DATASET EXTRACT:
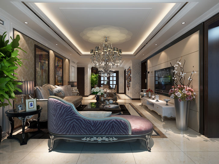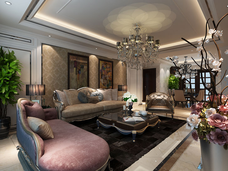 欧式风格的特征是强调线形流动的变化,将空间内雕刻工艺集中在装饰和陈设艺术上,色彩华丽且用暖色调加以协调,继承了传统古典欧式风格的装饰特点,吸取了其风格的“形神”特征,这设计上追求空间的连续性和形体变化的层次感.
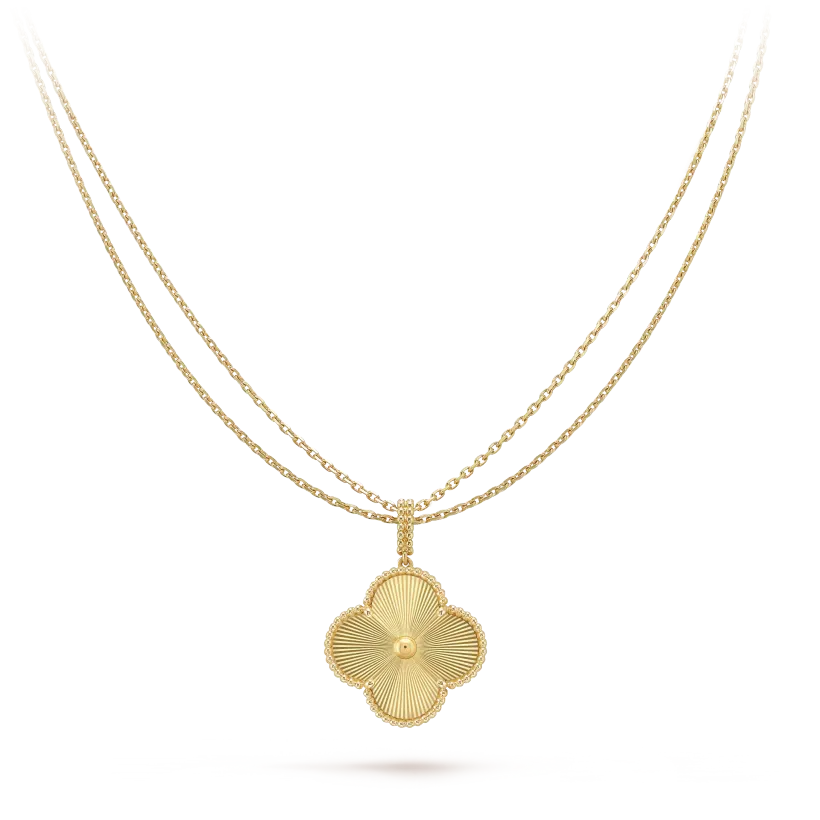 The single-motif Magic Alhambra long necklace reveals another way of playing with the size and materials of the iconic motif. A transformable piece, this jewel may be worn in several ways, including long on a single chain or short with a doubled chain.
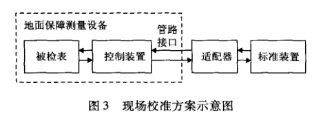 根據以上分析表明,專用測量設備上壓力表的現 場校準是切實可行的。本課題實施現場校準的思路為: 不拆卸壓力表,將壓力校準標準器(通用壓力表校準 臺)通過適配器與被檢壓力表所在的管路接口相連接, 然后經過調節校準臺或被檢設備上對應的控制裝置, 將氣體輸送到被檢表,再進行計量校準操作。如圖3 所示。

YOUR INSTRUCTIONS: Restate the whole listing exactly as written, minus the pictures.

TASK ANSWER:
 欧式风格的特征是强调线形流动的变化,将空间内雕刻工艺集中在装饰和陈设艺术上,色彩华丽且用暖色调加以协调,继承了传统古典欧式风格的装饰特点,吸取了其风格的“形神”特征,这设计上追求空间的连续性和形体变化的层次感.
 The single-motif Magic Alhambra long necklace reveals another way of playing with the size and materials of the iconic motif. A transformable piece, this jewel may be worn in several ways, including long on a single chain or short with a doubled chain.
 根據以上分析表明,專用測量設備上壓力表的現 場校準是切實可行的。本課題實施現場校準的思路為: 不拆卸壓力表,將壓力校準標準器(通用壓力表校準 臺)通過適配器與被檢壓力表所在的管路接口相連接, 然后經過調節校準臺或被檢設備上對應的控制裝置, 將氣體輸送到被檢表,再進行計量校準操作。如圖3 所示。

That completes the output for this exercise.